**Information supplied**
****************************************

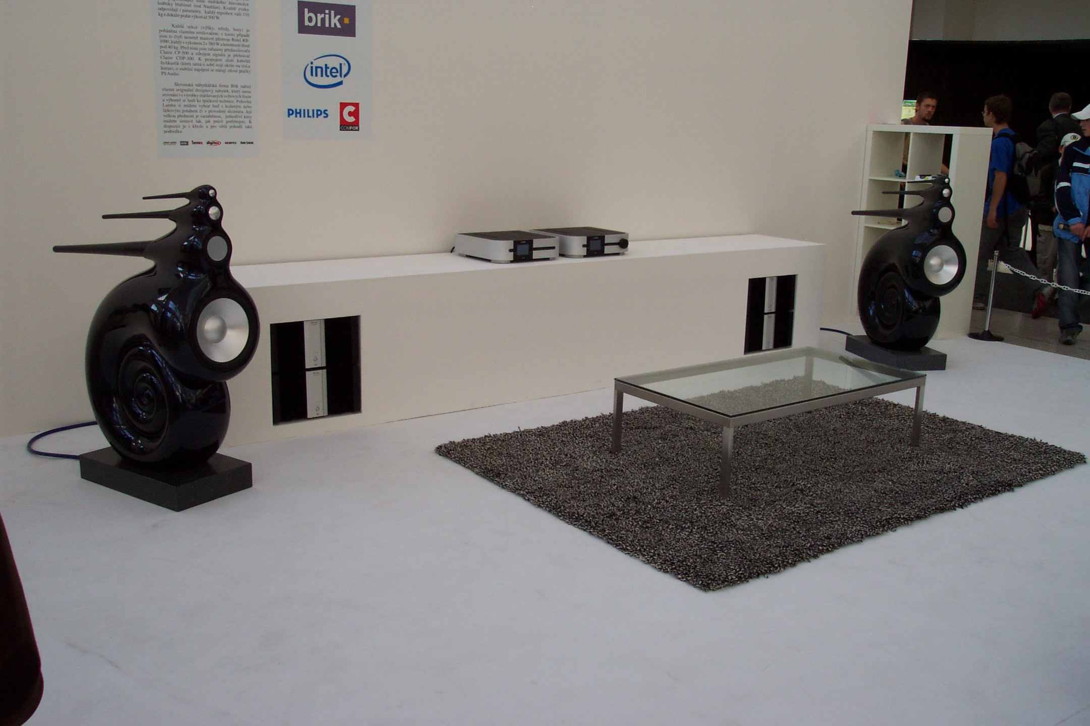 Brno, Invex exhibition - Výstava Invex v Brně
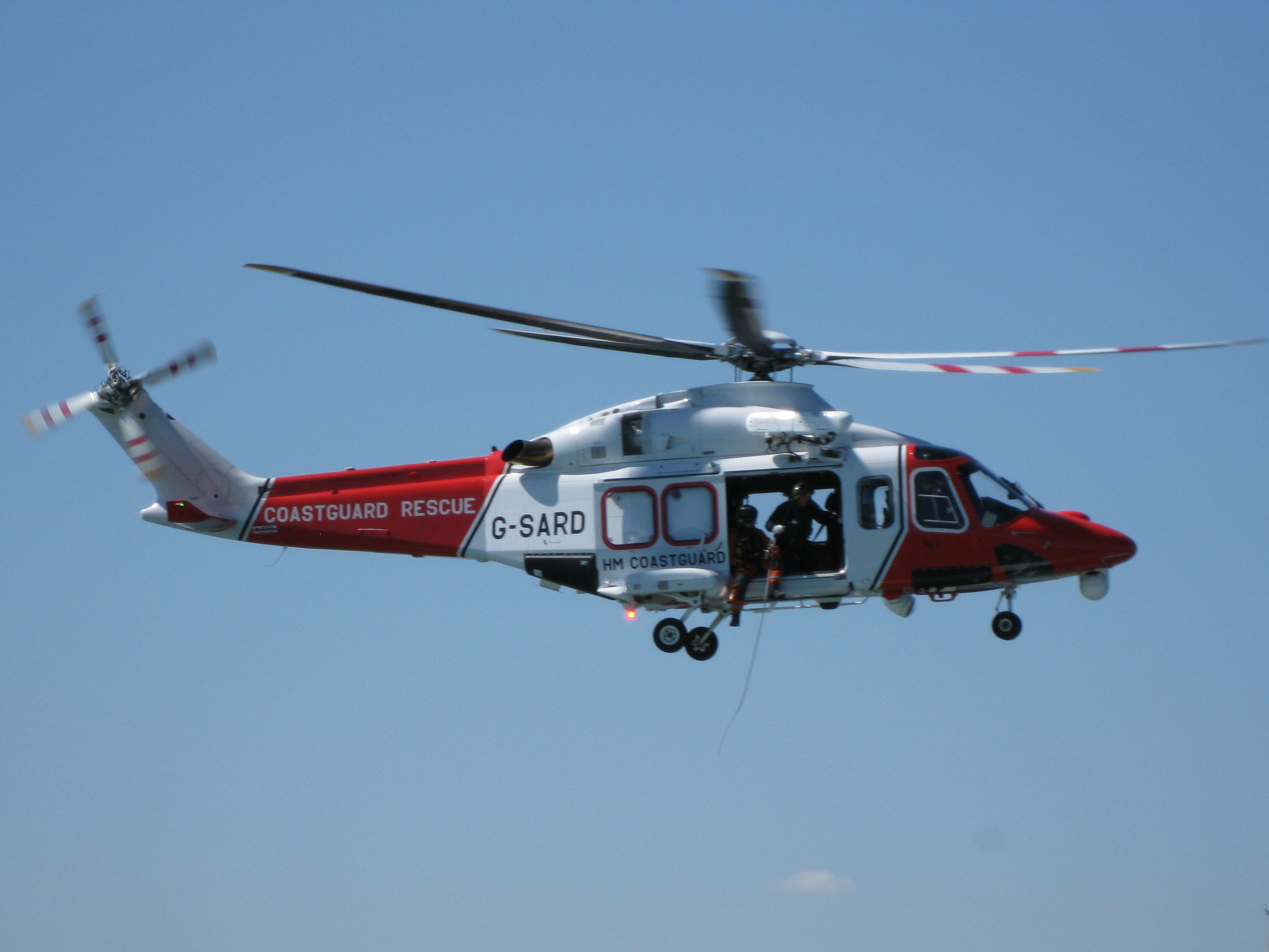 HM Coastguard AgustaWestland AW139 helicopter.
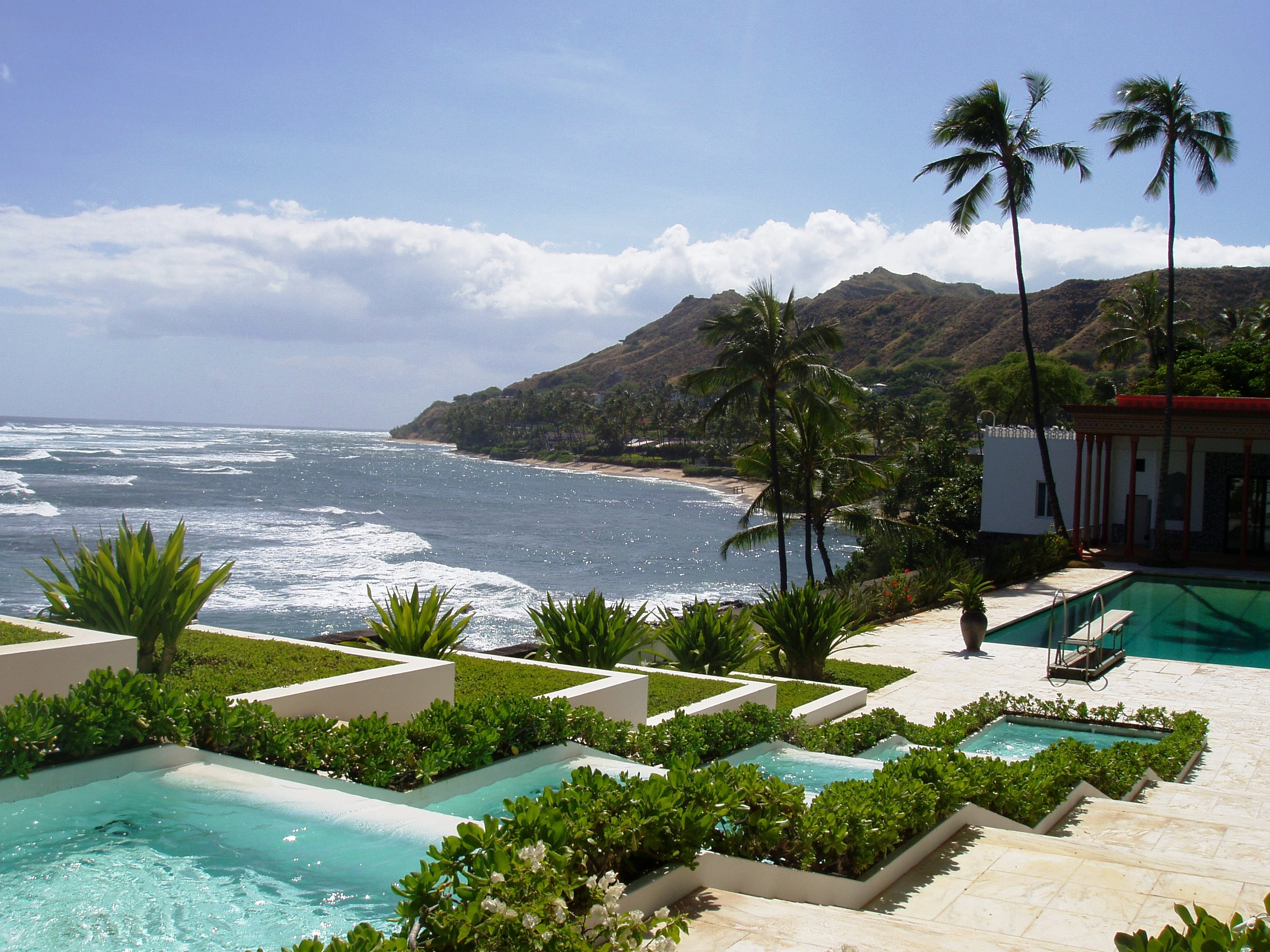 Shangri La gardens with swimming pool and fountain, and view of coast to Diamond Head. Near Honolulu, Hawaii.
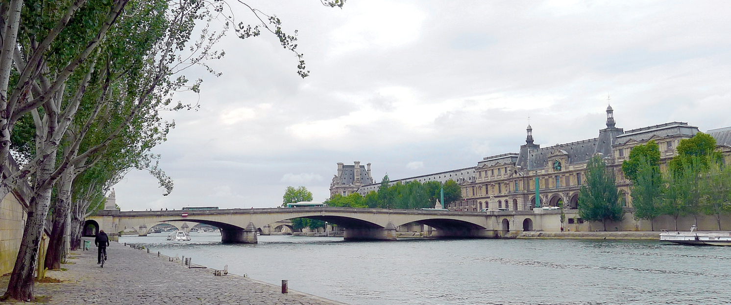 Royal bridge - Paris
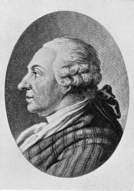 Johann Caspar Goethe
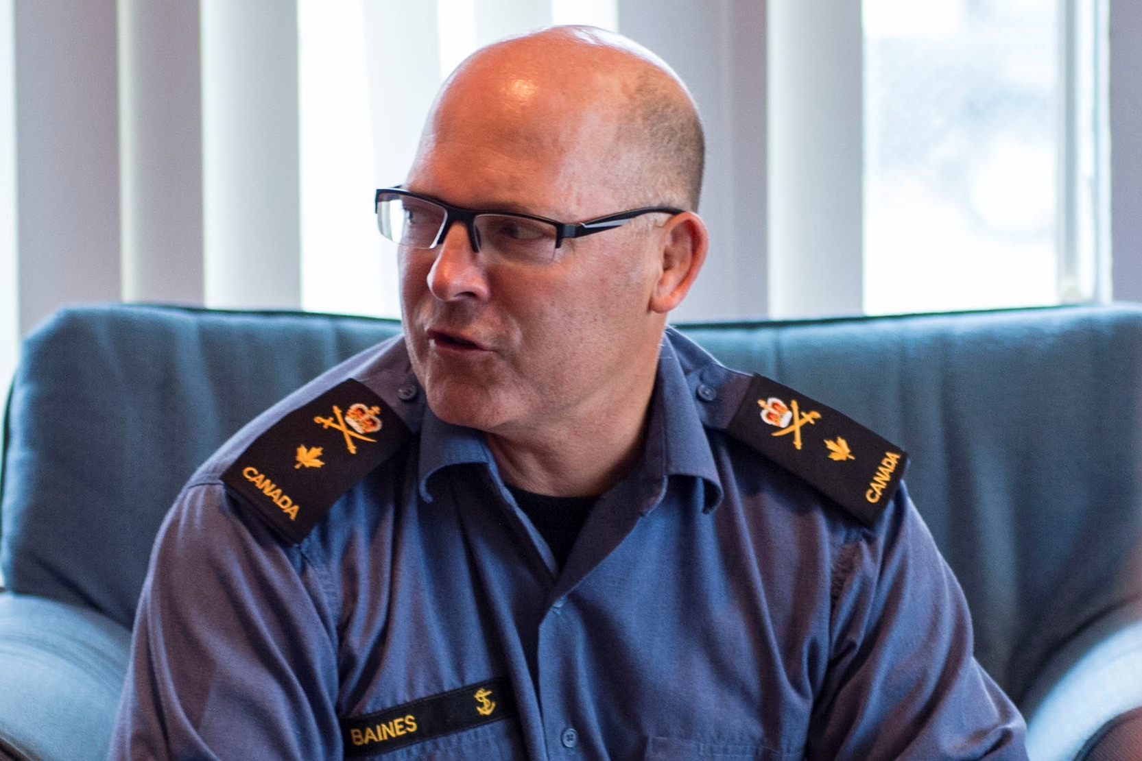 Craig Alan Baines, MSC, CD
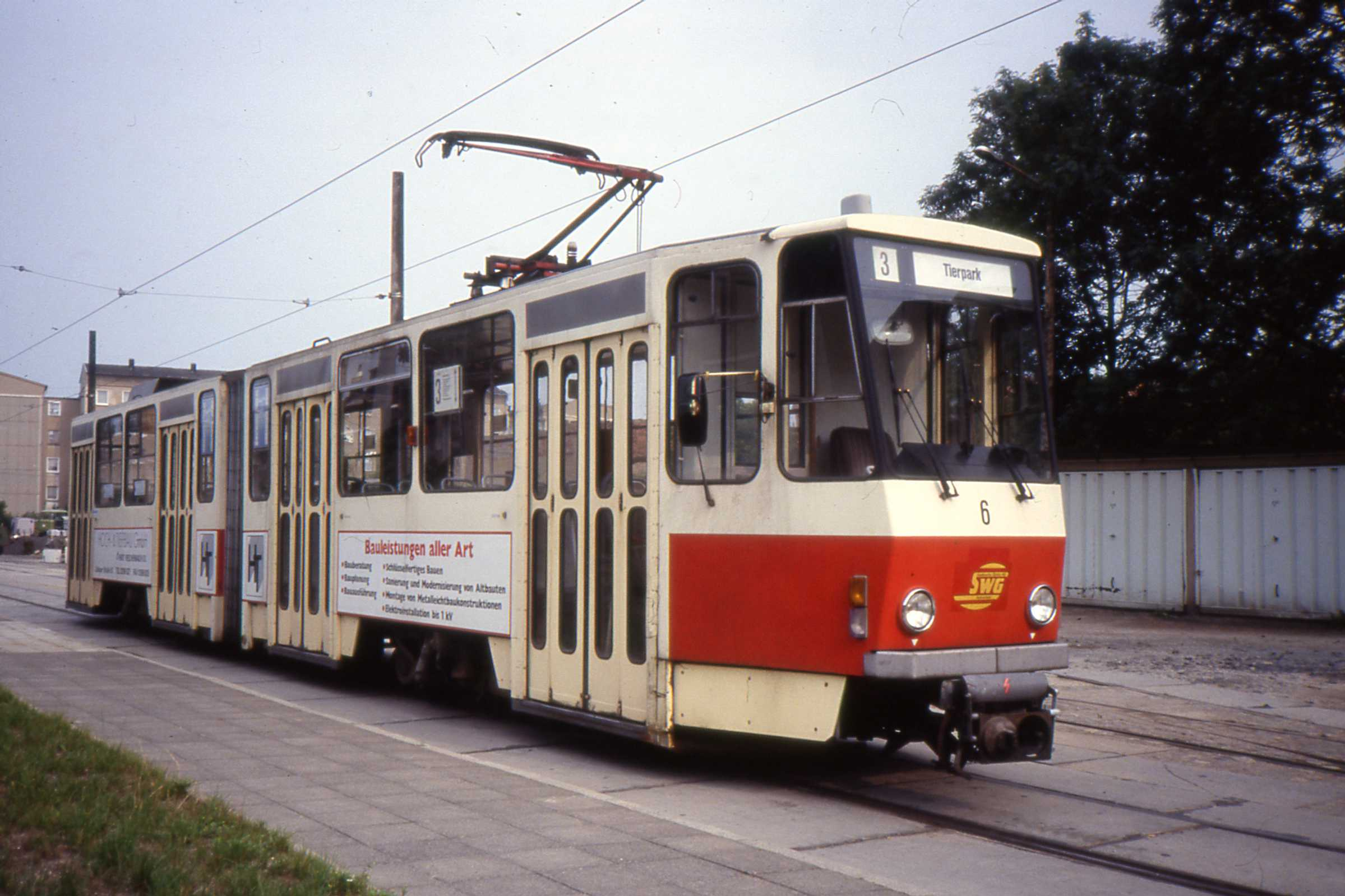 Görlitz bought 11 of these KT4D cars, numbered 1-11 between 1983 and 1990. In 1992 5 more arrived from Erfurt, followed by 3 more from Cottbus in 1998. Between 1993 and 2002, the numbers were preceded by a zero . Following the purchase of the system by Connex the KT4D trams here were numbered 301-19. The original PUR plastic seats were replaced by upholstered ones.
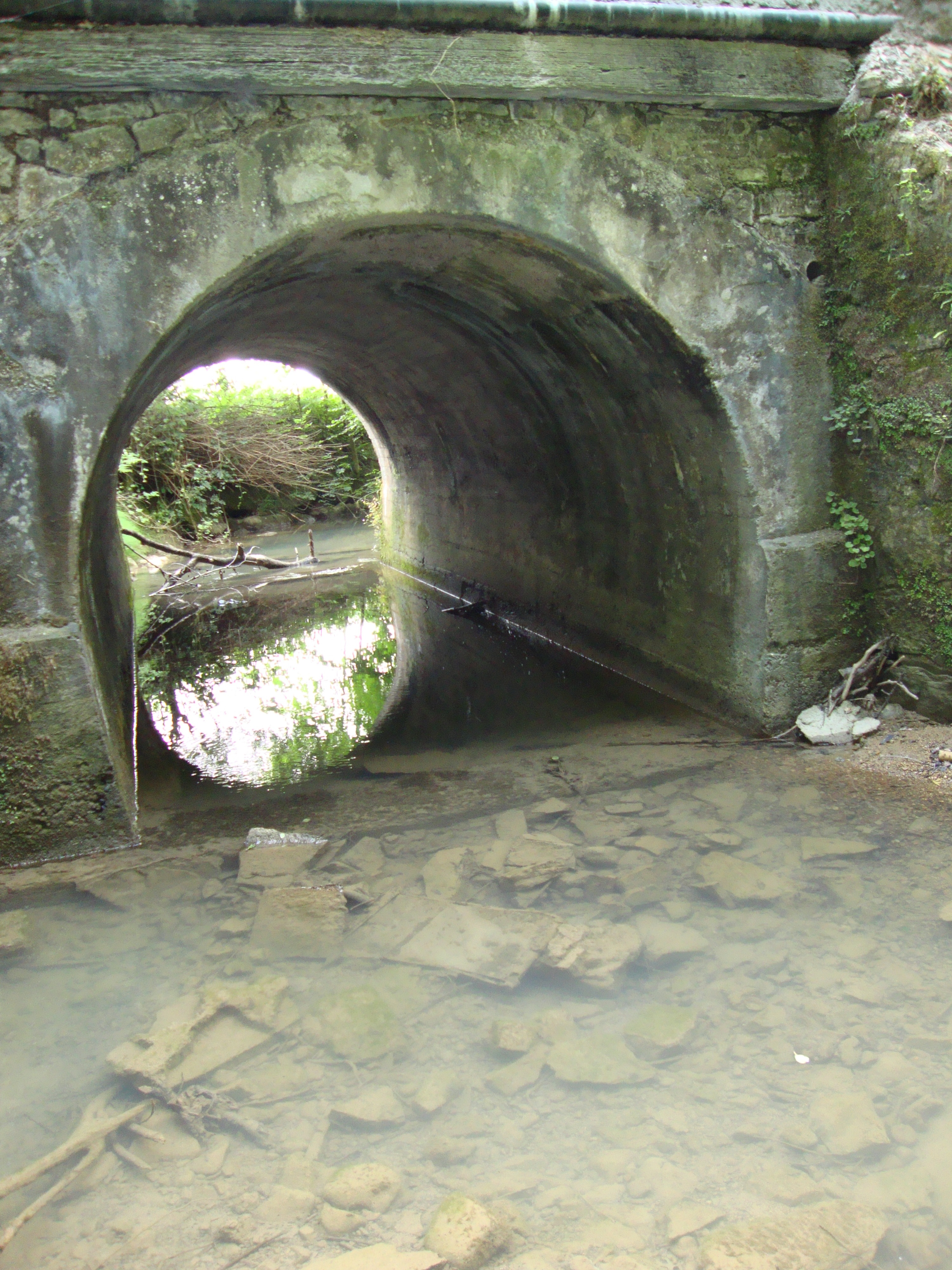 Oloron-Sainte-Marie (Pyr-Atl, Fr) Bélandre, small side river of Vert river, at Bédécarats, Oloron-Saint-Pée. la Bélandre sur SANDRE
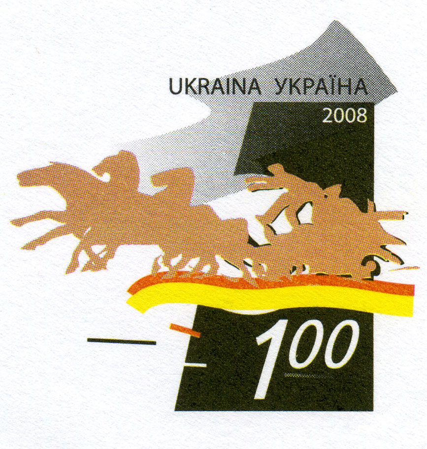 Stamp of Ukraine
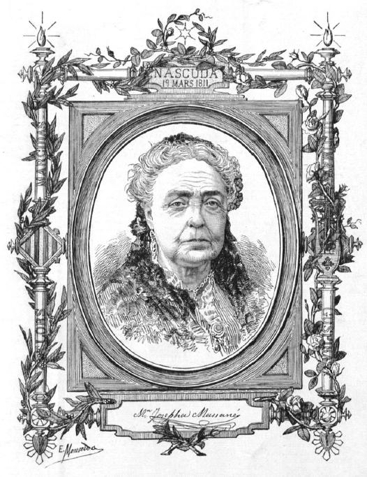 Maria Josepa Massanés i Dalmau as seen by Enric Monserdà, in La Llumanera de Nova York magazine of March 1879
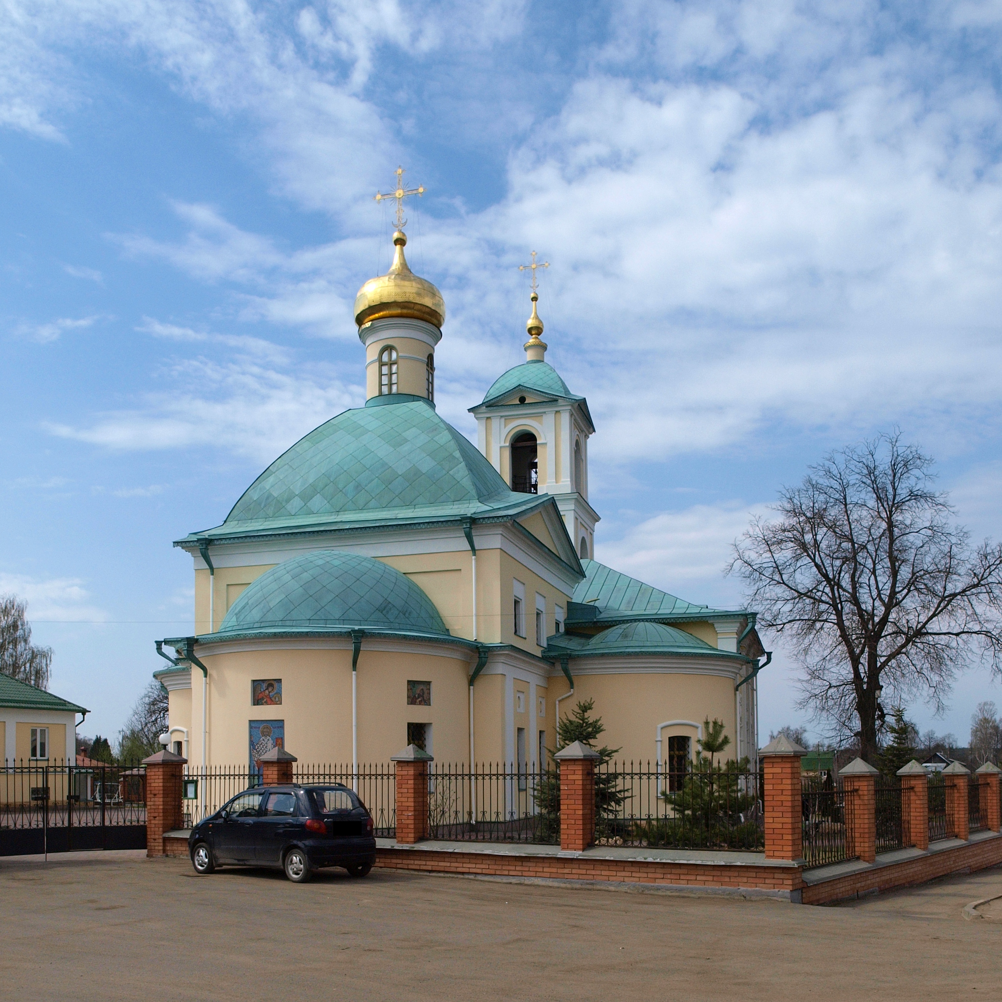 St. Nicholas church (built 1805-1806), Nikolskoe, Odintsovsky District, Moscow Oblast, Russia.
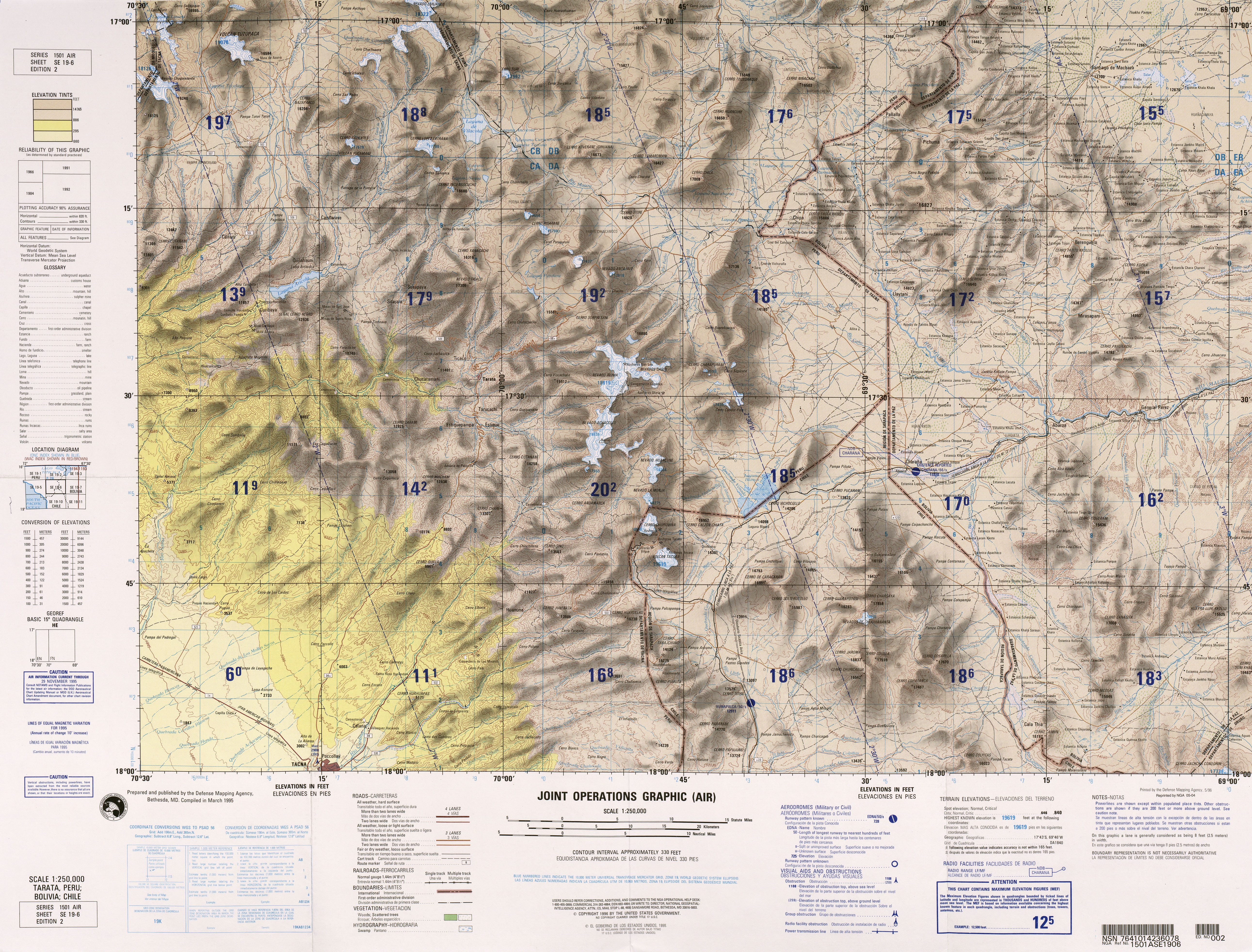 frontera Chile-Peru-Bolivia, Tacna

****************************************

Skip the pictures and print exactly the lines from the one containing "Maria Josepa Massanés" through the end of the records above.

 Maria Josepa Massanés i Dalmau as seen by Enric Monserdà, in La Llumanera de Nova York magazine of March 1879
 St. Nicholas church (built 1805-1806), Nikolskoe, Odintsovsky District, Moscow Oblast, Russia.
 frontera Chile-Peru-Bolivia, Tacna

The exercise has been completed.